As with many colonies, the Dutch East Indies (as Indonesia then was) drew the attention of all kinds of travelling explorer-scholars in the grand nineteenth-century tradition. Despite the many evils of colonialism, I have always had a soft spot for these figures and Bali's examples are no exception. From the pioneering philologist Herman Neubronner van der Tuuk, who grew up in Surabaya and wandered around Bali wearing pyjamas and carrying a gigantic cudgel, to the archaeologist Pieter van Stein Callenfels, who went everywhere with a skull called Ahmad, the island had an extensive roster of eccentric orientalists.

One of the most interesting, and influential, was a medical doctor called Julius Jacobs, whom Vickers refers to as ‘the man who discovered the Balinese female breast’. Jacobs wrote detailed, prurient and scholarly examinations of Balinese sexual culture, painting the island as a place of erotic license, and lacing his papers with Latin, French and German terms for a veneer of respectability. His description of what he called Lesbische liefde, for instance, included a helpful account of Balinese scissoring, or ‘(metjèngtjèng djoeoek), literally “to hit cymbals against each other without making a sound”.’ Also, with a wink: ‘Yams and bananas are much used by the Balinese girls as delicacies, but not only for eating.’
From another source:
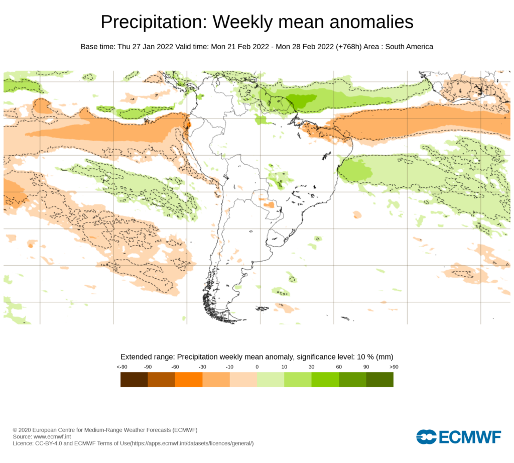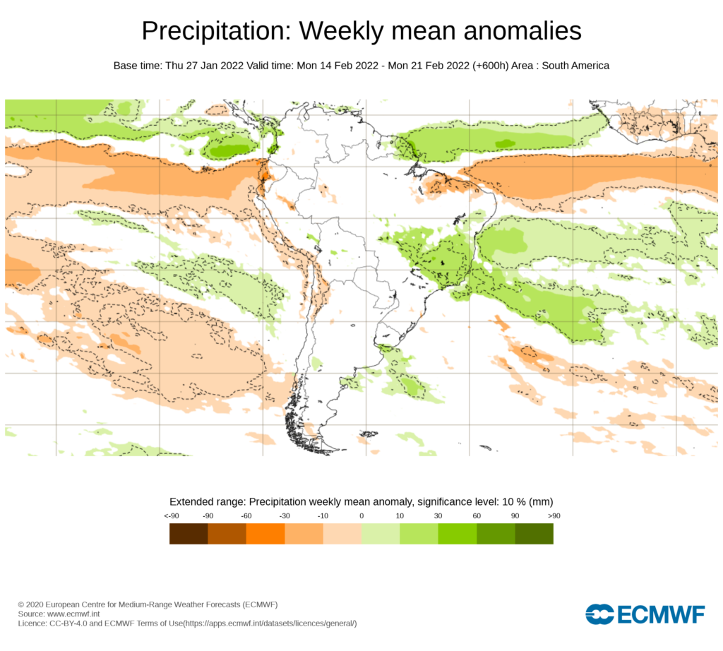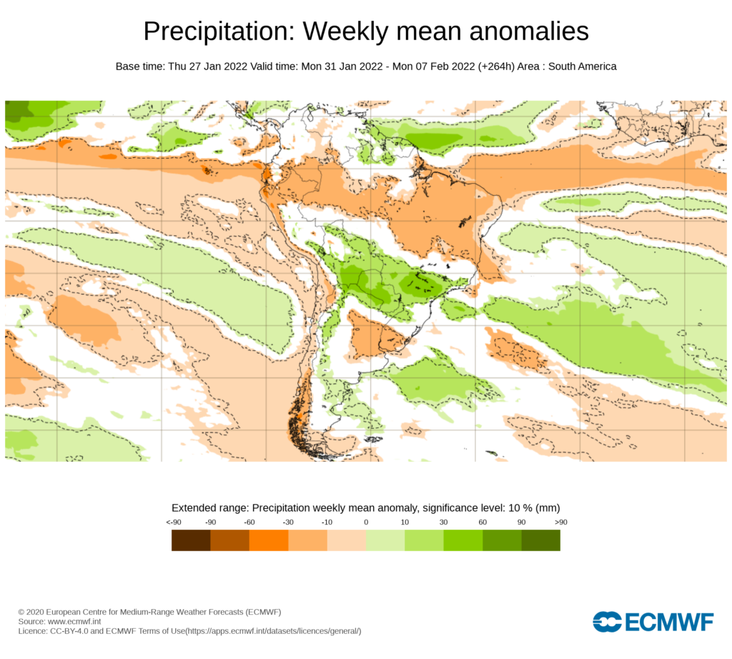 El pronostico semanal emitido por European Centre for Medium-Range Weather Forecast (ECMWF), se esperan precipitaciones dentro del promedio histórico.

This image was to have lasting endurance, and KLM marketed Bali explicitly as ‘the island of bare breasts’, with postcards and posters to match (a more decorous version of which is used on the book's cover). This iconography in turn would be picked up by the artists who gathered in Bali, especially after the 1930s set that coalesced around the German painter Walter Spies. (Though ironically, Spies and his friends were more interested in Balinese boys than girls, and most of them, Spies included, ended up in jail following a crackdown from Dutch Calvinists.)

Towards the end of the twentieth century, Bali went, as Vickers puts it, ‘from being one of the most densely populated islands on earth to one of the most densely toured islands’. First the hippies, then the surfers, and now the package tourists have changed the island quite dramatically. The original tourist plan drawn up by Bali's governors in the early 70s was quite sensible – forbidding any hotel from being higher than two-thirds the height of a palm tree, or within a hundred meters of a beach – but most of these restrictions were ignored or overturned during the 1990s, when the Suharto regime had a lot of financial stakes in Balinese developments.
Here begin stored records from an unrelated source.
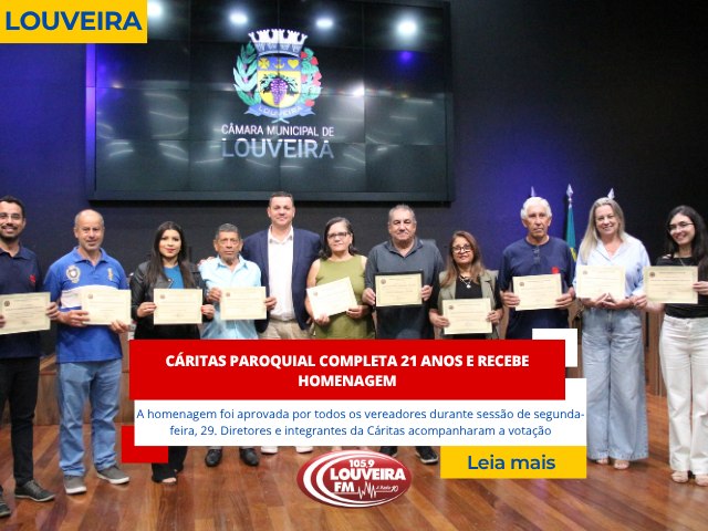 Câmara de Louveira aprovou a concessão de Moção de Congratulações e Aplausos à Cáritas Paroquial, em comemoração aos 21 anos de existência. A homenagem foi aprovada por todos os vereadores durante sessão de segunda-feira, 29. Diretores e integrantes da Cáritas acompanharam a votação.
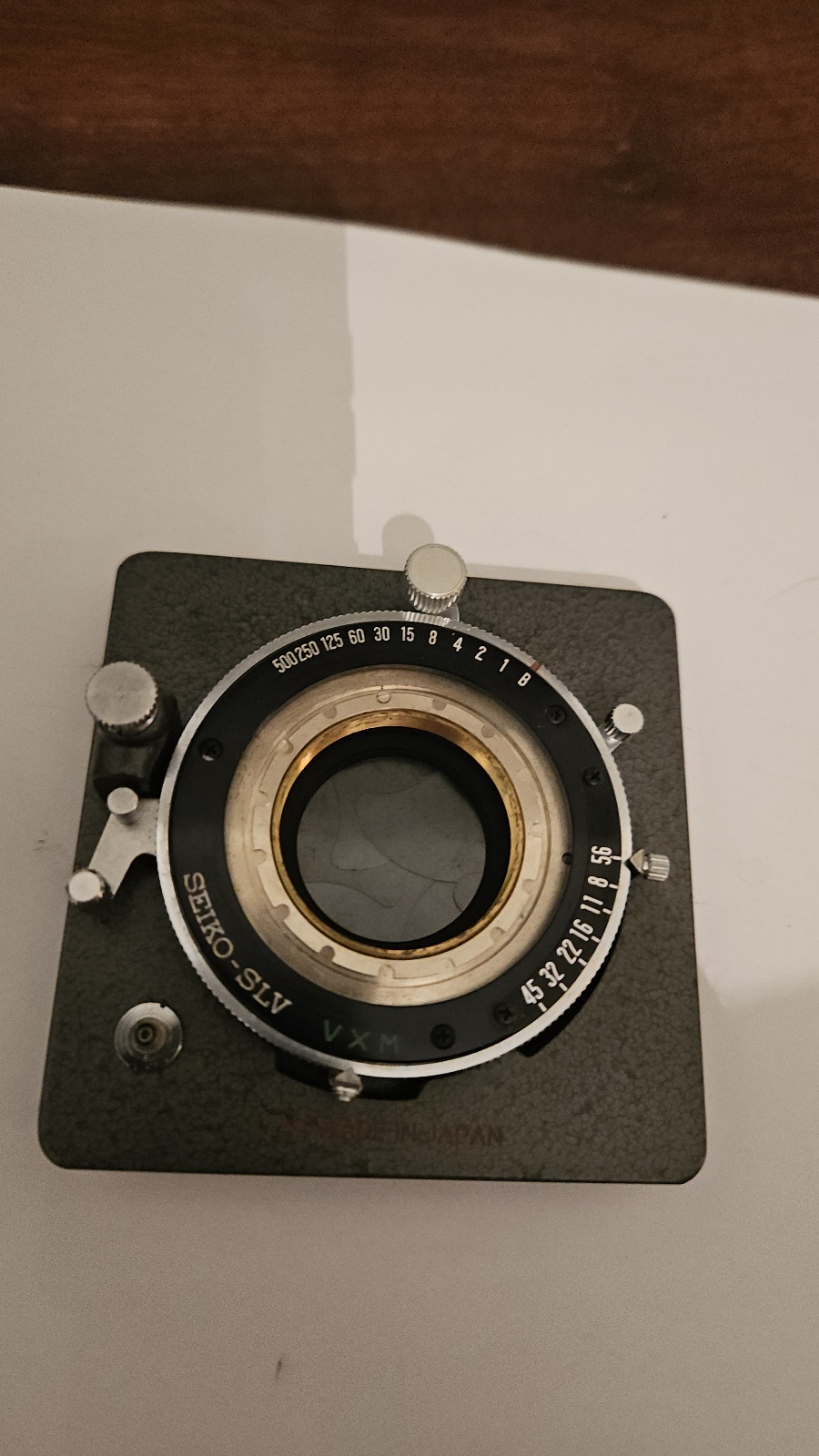Here is what the shutter looks like sans front plate, speed cam and cocking lever. You can see the preview lever on the right.
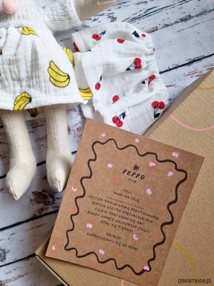 Przytulanka jest zapakowana w pudełeczko i gotowy do wręczenia.
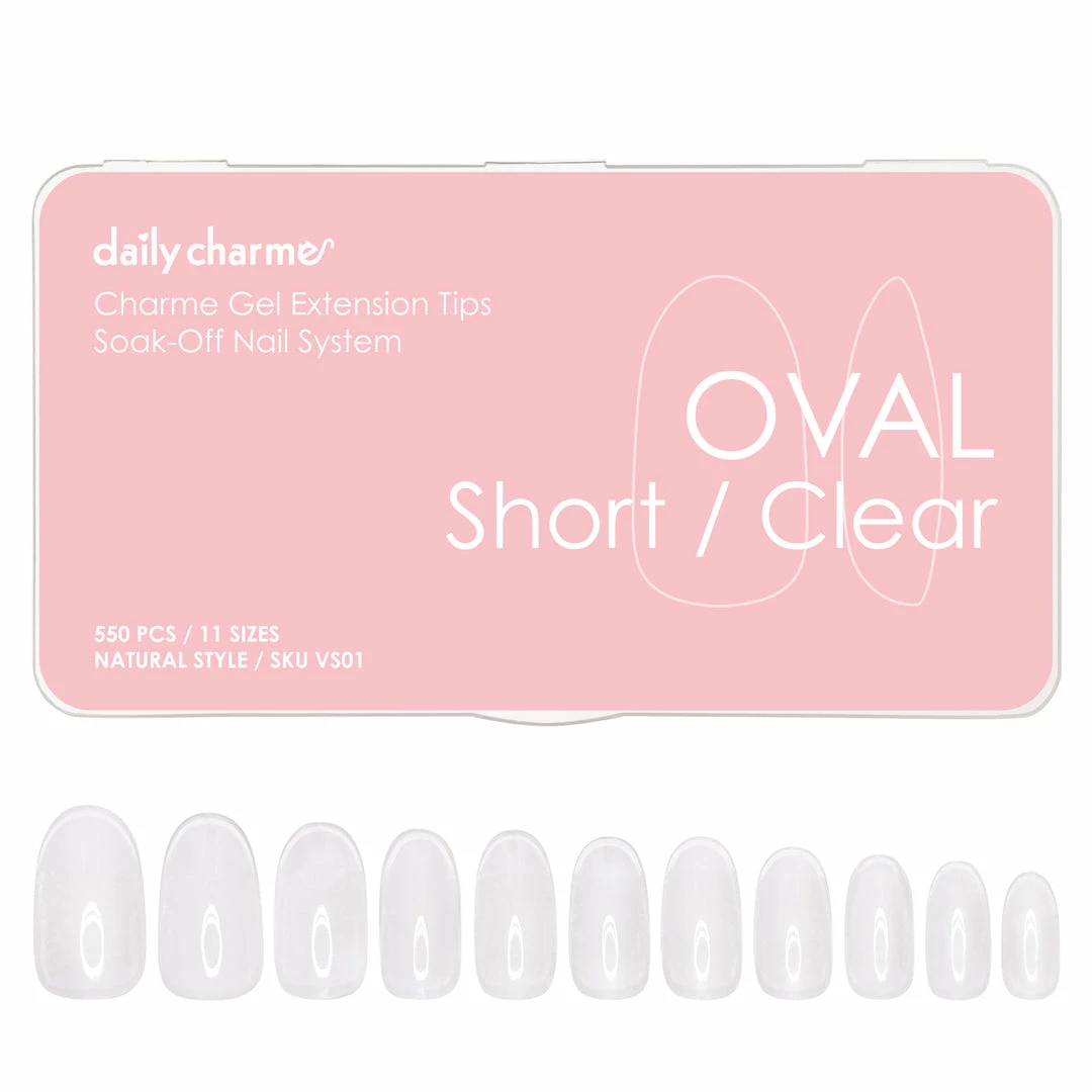 Tips: We recommend sealing your extensions with gel top coat to add strength and to prevent fogging of the nail tip. For longer length extensions, we recommend applying Daily Charme 5-in-1 Strengthening Gel or another builder gel to create a stronger nail.

In the original 1989 version of this book, Vickers is quite sanguine about the effect of tourism on Bali, making the obvious point that ‘Balinese culture is strong because of tourism, not despite it’. The 2012 edition, though, following the escalation of package tours as well as the Bali bombings of 2002 and 2005, takes a more cynical tone.

For tourists coming to Bali the impressions of Balinese culture became quite limited, and the emphasis shifted to staying in self-contained accommodation. The old problems of tourism in a poor country have remained: when tourists step outside their hotel areas they are assailed by heavy traffic and harassed by touts: “You want massage, you want special young girl massage, you want boy massage, just looking my shop, come just look, transport” etc. This kind of harassment has made resorts a welcome refuge from the street life of the island. When tourists are taken to see Balinese “art” it is the low grade products of the artshops, and their guides are only interested in taking them to places where major commissions are on offer. If tourists see beautiful landscapes the experience only comes after sitting through traffic jams, and if they see Balinese performances it is usually the tired old lègong and “welcome dance” of hotels and restaurants. There is little of the direct experience had by the hippies and surfies of an earlier era.

This was my experience too. It is a hard country in which to travel ‘responsibly’, that is, without contributing to a rather destructive kind of large-scale tourism. Nevertheless, Balinese culture and history does reward the effort required to unearth it, and this book seems a pretty good grounding in trying to understand where it came from and where it's going.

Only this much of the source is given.